> _Problem details_
After locating the line with "近日,高清av 三年级硕士研究郁夏琰和指导教师张蔚教授(通讯作者),与Journal of" in the data that follows, return it and every later line exactly, up to and including the line with "3. Base de control".

> _Given entries_
● ● ●
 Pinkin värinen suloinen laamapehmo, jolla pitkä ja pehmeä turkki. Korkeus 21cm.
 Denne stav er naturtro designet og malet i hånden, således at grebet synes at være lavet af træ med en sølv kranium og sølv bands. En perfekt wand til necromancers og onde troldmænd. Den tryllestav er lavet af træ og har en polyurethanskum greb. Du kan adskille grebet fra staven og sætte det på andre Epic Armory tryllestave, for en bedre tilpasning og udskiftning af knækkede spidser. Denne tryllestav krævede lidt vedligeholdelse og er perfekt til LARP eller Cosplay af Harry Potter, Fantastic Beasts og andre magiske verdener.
● ● ●
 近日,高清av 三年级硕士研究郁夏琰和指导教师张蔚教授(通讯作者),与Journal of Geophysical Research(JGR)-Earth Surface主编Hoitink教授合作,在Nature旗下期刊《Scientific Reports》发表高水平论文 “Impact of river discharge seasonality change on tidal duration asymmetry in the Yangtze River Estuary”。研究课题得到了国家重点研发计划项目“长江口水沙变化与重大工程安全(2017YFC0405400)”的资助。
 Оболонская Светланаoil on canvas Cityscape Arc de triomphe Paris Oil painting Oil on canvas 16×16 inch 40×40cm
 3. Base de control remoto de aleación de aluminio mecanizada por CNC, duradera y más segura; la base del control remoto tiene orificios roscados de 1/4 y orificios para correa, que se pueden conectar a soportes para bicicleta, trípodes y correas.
● ● ●
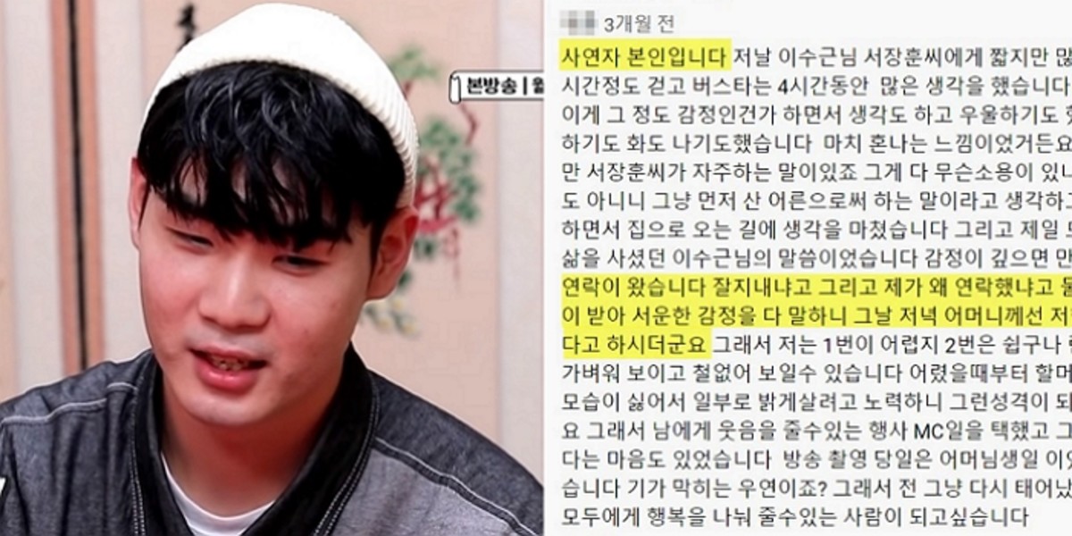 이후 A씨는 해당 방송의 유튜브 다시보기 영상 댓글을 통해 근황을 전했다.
● ● ●
> _Reply_
 近日,高清av 三年级硕士研究郁夏琰和指导教师张蔚教授(通讯作者),与Journal of Geophysical Research(JGR)-Earth Surface主编Hoitink教授合作,在Nature旗下期刊《Scientific Reports》发表高水平论文 “Impact of river discharge seasonality change on tidal duration asymmetry in the Yangtze River Estuary”。研究课题得到了国家重点研发计划项目“长江口水沙变化与重大工程安全(2017YFC0405400)”的资助。
 Оболонская Светланаoil on canvas Cityscape Arc de triomphe Paris Oil painting Oil on canvas 16×16 inch 40×40cm
 3. Base de control remoto de aleación de aluminio mecanizada por CNC, duradera y más segura; la base del control remoto tiene orificios roscados de 1/4 y orificios para correa, que se pueden conectar a soportes para bicicleta, trípodes y correas.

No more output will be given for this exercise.